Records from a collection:
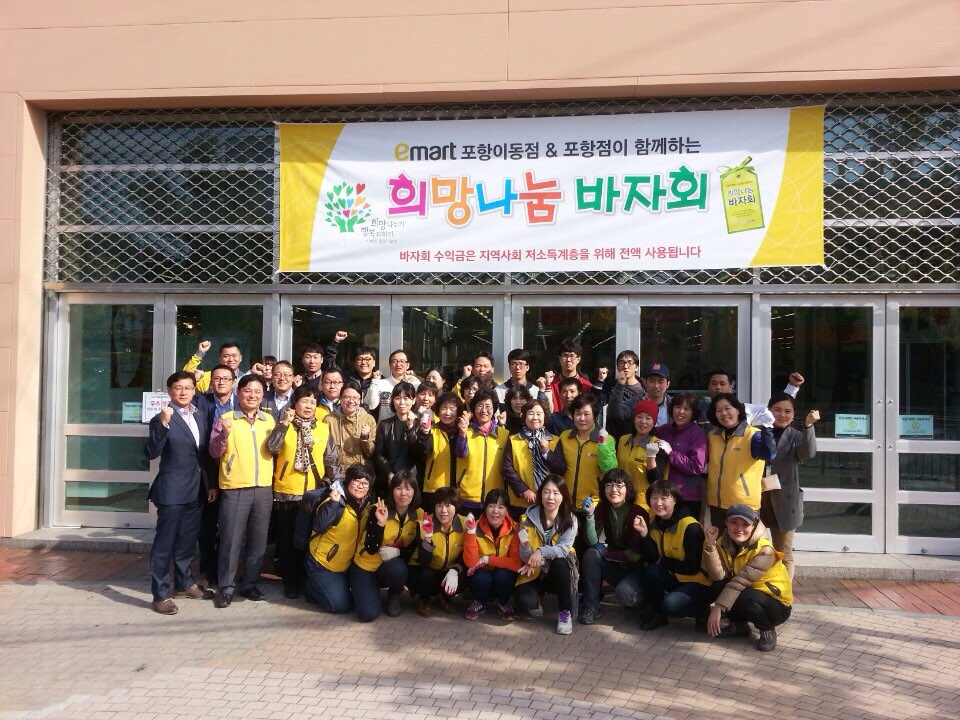 10월 29일(수) 포항시자원봉사센터와 MOU체결한 E-마트에서는 이번 10월 자원봉사 테마를 “ 희망나눔바자회”를 이동점에서 개최하였다. 이날 오전 10시부터 진행 된 바자회에서는 의류, 생활, 문구, 가전 등 각 매장에서 판매되는 상품 약 2천여점(1천만원 상당)이 전시, 판매되었다. 오늘 실시한 “희망나눔바자회”는 2012년부터 실시하여 6번째 실시하는 것으로 활동장소를 이마트 이동점 내 행사장에서 실시를 하여 찾는 손님으로 하여금 많은 관심을 얻었으며, 판매하는 상품은 매장에서 판매되는 가격보다 최대 50% 저렴하게 판매를 하였으며, 오늘 실시한 바자회 수익금(3백여만원)은 지역사회 저소득 계층을 위해 전액 사용될 것이다. |
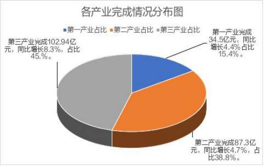 初步核算,全年全县地区生产总值完成224.74亿元,按不变价格计算,同比增长6.3%。从三次产业看,第一产业增加值34.50亿元、增长4.4%;第二产业增加值87.30亿元、增长4.7%;第三产业增加值102.94亿元、增长8.3%。三次产业结构从去年同期的13.9:42.6:43.5调整为15.4:38.8:45.8。
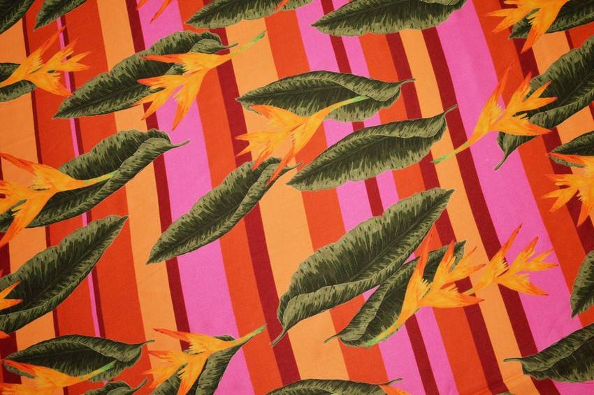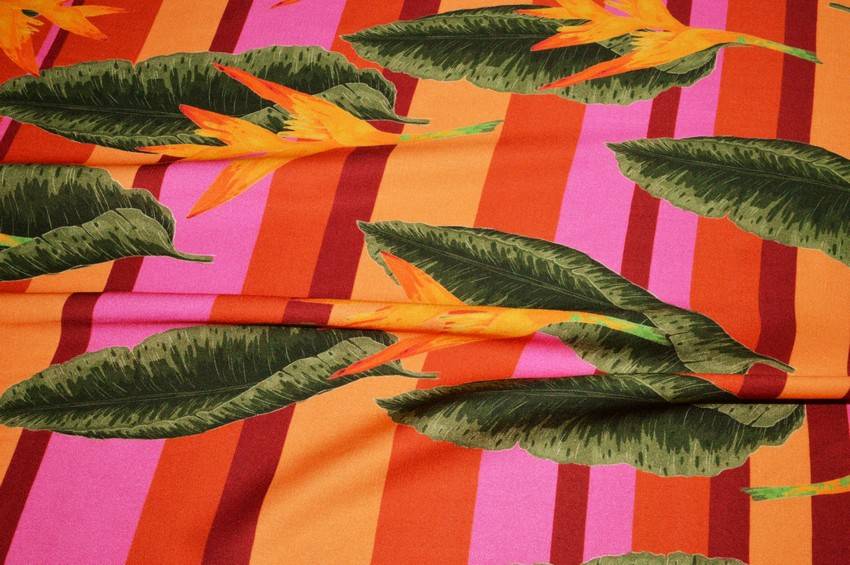 TESSUTO VISCOSA FANTASIA TROPICALE ARANCIO
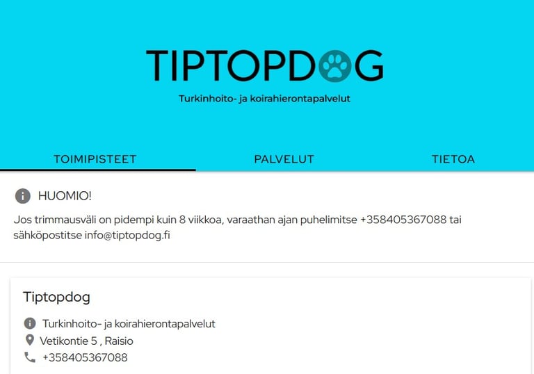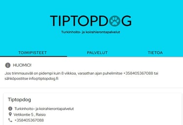 Ole ajoissa paikalla! Tulen pihalle vastaan kun olen valmis ottamaan koiran hoidettavaksi. Yli 10 min myöhästyminen voi aiheuttaa sen että emme pysty suorittamaan koko palvelua.
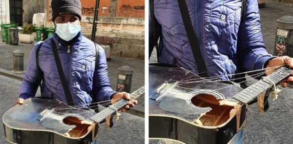 Artista aggredito, gli sfasciano la chitarra. I cittadini: “Aiutiamolo, è il suo mezzo di sostegno”
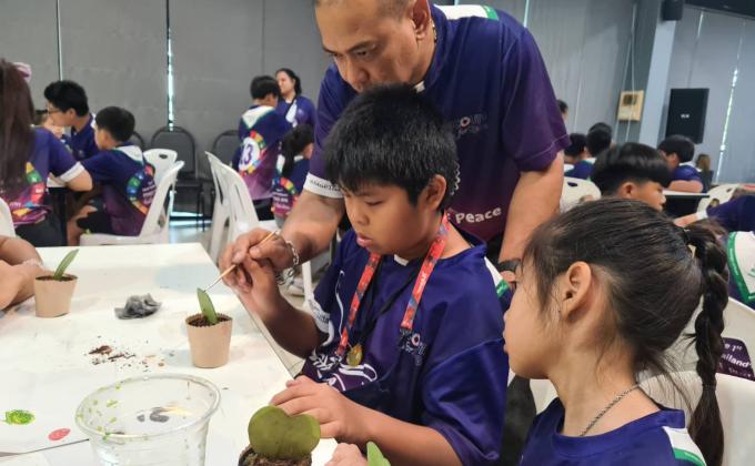 ถ่ายรูปร่วมกับนักเรียนทำการด์วันแม่
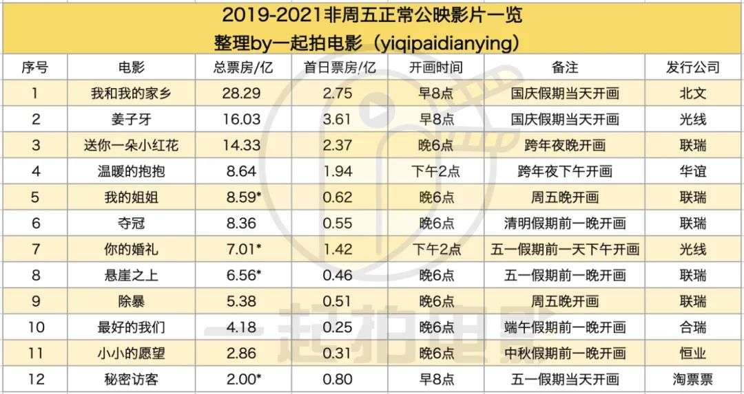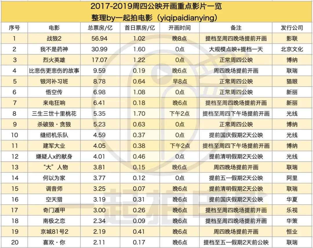 需要注意的,这里总结的“周四开画”,是广义上的周四开画,这其中包括了在法定节假日档期的前两天进行公映的影片。比如如果5月1日-3日是五一小长假,大多数影片都选择在4月30日进行公映,类似影片在周五公映。但是对于4月29日公映的影片,虽然当天并不是周四,但是也相当于“周四”开画。

TASK TO CARRY OUT: Set the pictures aside and transcribe the data above exactly.

EXERCISE RESPONSE:
 10월 29일(수) 포항시자원봉사센터와 MOU체결한 E-마트에서는 이번 10월 자원봉사 테마를 “ 희망나눔바자회”를 이동점에서 개최하였다. 이날 오전 10시부터 진행 된 바자회에서는 의류, 생활, 문구, 가전 등 각 매장에서 판매되는 상품 약 2천여점(1천만원 상당)이 전시, 판매되었다. 오늘 실시한 “희망나눔바자회”는 2012년부터 실시하여 6번째 실시하는 것으로 활동장소를 이마트 이동점 내 행사장에서 실시를 하여 찾는 손님으로 하여금 많은 관심을 얻었으며, 판매하는 상품은 매장에서 판매되는 가격보다 최대 50% 저렴하게 판매를 하였으며, 오늘 실시한 바자회 수익금(3백여만원)은 지역사회 저소득 계층을 위해 전액 사용될 것이다. |
 初步核算,全年全县地区生产总值完成224.74亿元,按不变价格计算,同比增长6.3%。从三次产业看,第一产业增加值34.50亿元、增长4.4%;第二产业增加值87.30亿元、增长4.7%;第三产业增加值102.94亿元、增长8.3%。三次产业结构从去年同期的13.9:42.6:43.5调整为15.4:38.8:45.8。
 TESSUTO VISCOSA FANTASIA TROPICALE ARANCIO
 Ole ajoissa paikalla! Tulen pihalle vastaan kun olen valmis ottamaan koiran hoidettavaksi. Yli 10 min myöhästyminen voi aiheuttaa sen että emme pysty suorittamaan koko palvelua.
 Artista aggredito, gli sfasciano la chitarra. I cittadini: “Aiutiamolo, è il suo mezzo di sostegno”
 ถ่ายรูปร่วมกับนักเรียนทำการด์วันแม่
 需要注意的,这里总结的“周四开画”,是广义上的周四开画,这其中包括了在法定节假日档期的前两天进行公映的影片。比如如果5月1日-3日是五一小长假,大多数影片都选择在4月30日进行公映,类似影片在周五公映。但是对于4月29日公映的影片,虽然当天并不是周四,但是也相当于“周四”开画。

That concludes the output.